The compactness of a polymer ρ is defined as t/t_max(n)¹¹, where t is the number of contacts in the conformation, and t_max(n) is maximum number of contacts possible for length n conformations. For square lattice space, we have¹¹:

t_{max} (n) = {\begin{matrix} n - 2 b, & if b^{2} < n \leq b (b + 1), \\ n - 2 b - 1, & if b (b + 1) < n \leq {(b + 1)}^{2}, \end{matrix}

where b is a positive integer. Let Ω_n(ρ) ⊂ 𝒫_n be the set of length n conformations with compactness ρ and Ω_n(ρ, S) ⊂ Ω_n(ρ) be the set of length n conformations with at least one void of shape S and compactness ρ. The fraction of conformations of a particular compactness ρ with void of a particular shape S among all conformations with the same compactness ρ is defined as:

f_{4} (ρ, S, n) = \frac{N (ρ, S, n)}{N (ρ, n)} = \frac{\sum_{X_{n} \in Ω_{n} (ρ, S)} 1}{\sum_{X_{n} \in Ω_{n} (ρ)} 1} .

(4)

This parameter represents the propensity of void formation with certain compactness, i.e., the probability of forming a void of specified shape for length n chain polymers at a fixed compactness.

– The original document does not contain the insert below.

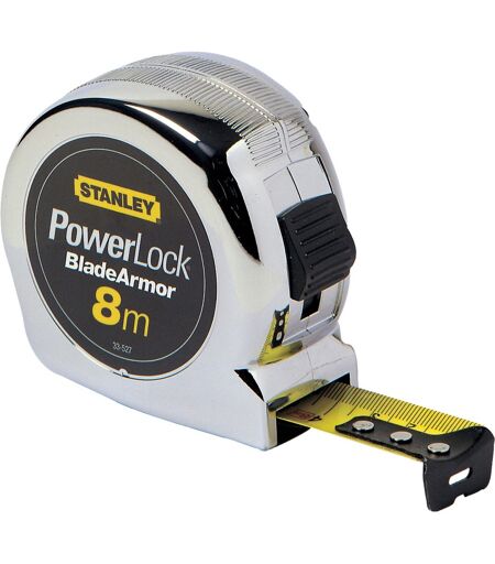 Den 8 meter lange Micro Powerlock Blade Armor fra STANLEY (nøjagtighedsklasse II) er en meget kompakt båndstørrelse i professionel kvalitet, men 13% mindre end Powerlock Standard. Det ekstra tykke 25 mm brede bånd er buet og helt dækket med Mylar beskyttende lag. På de første 8 cm er den desuden dækket af Blade Armor-film, hvilket reducerer risikoen for brud med 90%. Endekrogen er tredobbelt nittet, bevægelig til intern og ekstern måling. Det robuste hus er slagfast, forkromet og poleret. Micro Powerlock Blade Armor målebånd har også en lås, bælteclips og kontrolleret automatisk remretur for optimal beskyttelse af endekrogen. ...

D. Estimating void parameters using sequential Monte Carlo

Exhaustive enumeration can be used to calculate the propensities defined above, but is only applicable to very short polymer chains. For longer chain, we use a modified version of the sequential Monte Carlo (SMC) method.

All the parameters described above are fractions, where the corresponding numerators and denominators N(S, n), N(l, S, n), N(I₀, l, S, n) and N(ρ, S, n) can be written in the form of

\sum_{X_{n} \in Ω_{n} (S)} h (X_{n}),

(5)

where h(·) is a function of conformation X_n. Specifically, we have:

- h (X_{n}) = 1 for N (S, n);

- h (X_{n}) = 𝕀_{Ω_{n} (l, S)} (X_{n}) \frac{ξ (X_{n}, l, S)}{K (X_{n}, S)} for N (l, S, n);

- h (X_{n}) = 𝕀_{Ω_{n} (I_{0}, l, S)} (X_{n}) \frac{ξ (X_{n}, I_{0}, l, S)}{K (X_{n}, S)} for N (I_{0}, l, S, n);

- h (X_{n}) = 𝕀_{Ω_{n} (ρ, S)} (X_{n}) for N (ρ, S, n),

where 𝕀_{Ω_n}(X_n) is the indicator function, 𝕀_Ω(X_n) = 1 if X_n is in set Ω_n, 𝕀_Ω(X_n) = 0 otherwise.

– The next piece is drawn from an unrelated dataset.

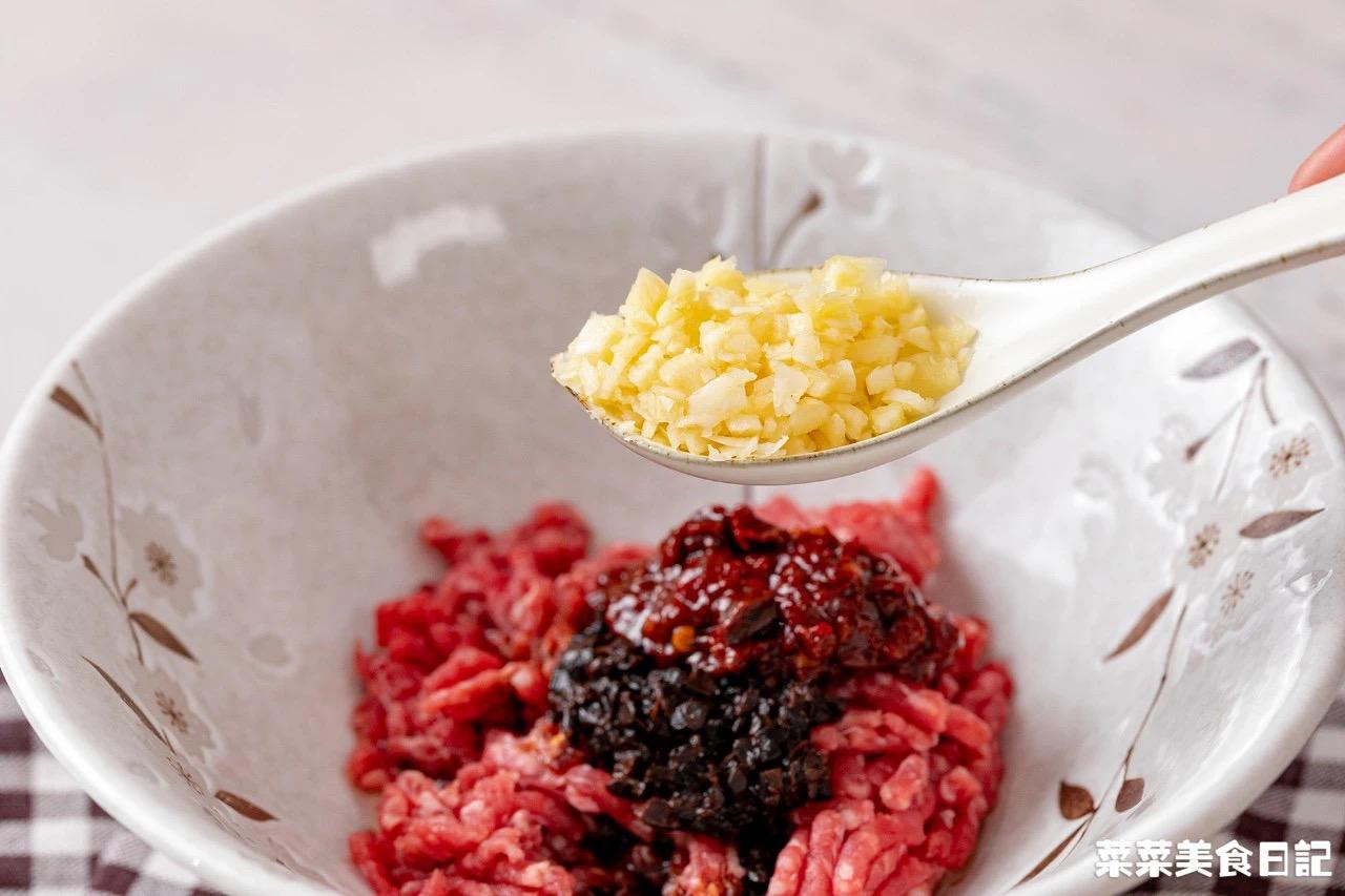 1、牛肉末、食用油、酱油、豆豉、蒜末、郫县豆瓣酱、淀粉水放入碗中拌匀

Suppose we can generate random samples of conformations $X_{n}^{(j)}$ , j = 1, ⋯, m, from a trial distribution g(X_n). Following the importance sampling principle^33,34, formula (5) can be estimated as:

\frac{1}{m} \sum_{j = 1}^{m} \frac{h (X_{n}^{(j)}) 𝕀_{Ω_{n} (S)} (X_{n}^{(j)})}{g (X_{n}^{(j)})} \approx 𝔼_{g} [\frac{h (X) \cdot 𝕀_{Ω_{n} (S)} (X_{n})}{g (X)}] = \sum_{X \in Ω_{n} (S)} \frac{h (X)}{g (X)} \cdot g (X) = \sum_{X_{n} \in Ω_{n} (S)} h (X_{n}),

(6)

Note that to obtain an unbiased estimate, the trial distribution g(X_n) must have a support larger than h(X_n)𝕀_{Ω_n(S)}(X_n), that is, g(X_n) > 0 must hold for all X_n in Ω_n(S) that satisfy h(X_n) > 0. Let $w_{n}^{(j)} = 1 / g (X_{n}^{(j)})$ to be the weight of sample $X_{n}^{(j)}$ , then Eqn (6) can be rewritten as

\sum_{X_{n} \in Ω_{n} (S)} h (X_{n}) = \frac{1}{m} \sum_{j = 1}^{m} w_{n}^{(j)} h (X_{n}^{(j)}) 𝕀_{Ω_{n} (S)} (X_{n}^{(j)}) .

(7)

The efficiency of the estimator of Eqn (6) depends on the choice of the trial distribution g(X_n) and the computational complexity for generating a sample. In general, if g(X_n) is approximately proportional to |h(X_n)𝕀_{Ω_n(S)}(X_n)|, with a support larger but close to Ω_n(S), the estimate can be reasonably accurate³⁴.

The original Rosenbluth and Rosenbluth growth method generates samples in the space of 𝒫_n ²⁸. Starting at x₁ = (0, 0), monomers are added to the chain and the associated weights are updated recursively, until the chain reaches length n. Modifications of the algorithm can be found in^24,34–36. However, the space under our consideration is a highly constrained subspace of 𝒫_n. For example, for void shape 4.1 and chain length 50, the size of the constrained space Ω_n(S) is less than 2 × 10⁻³ of the size of 𝒫_n. With additional constraints such as fixed loop length, the space becomes even smaller and sampling such conformations becomes more difficult. The simple growth method of²⁸ is very inefficient in generating samples for such constrained space. Below we reformulate the sampling space and modify the growth method to overcome this difficulty.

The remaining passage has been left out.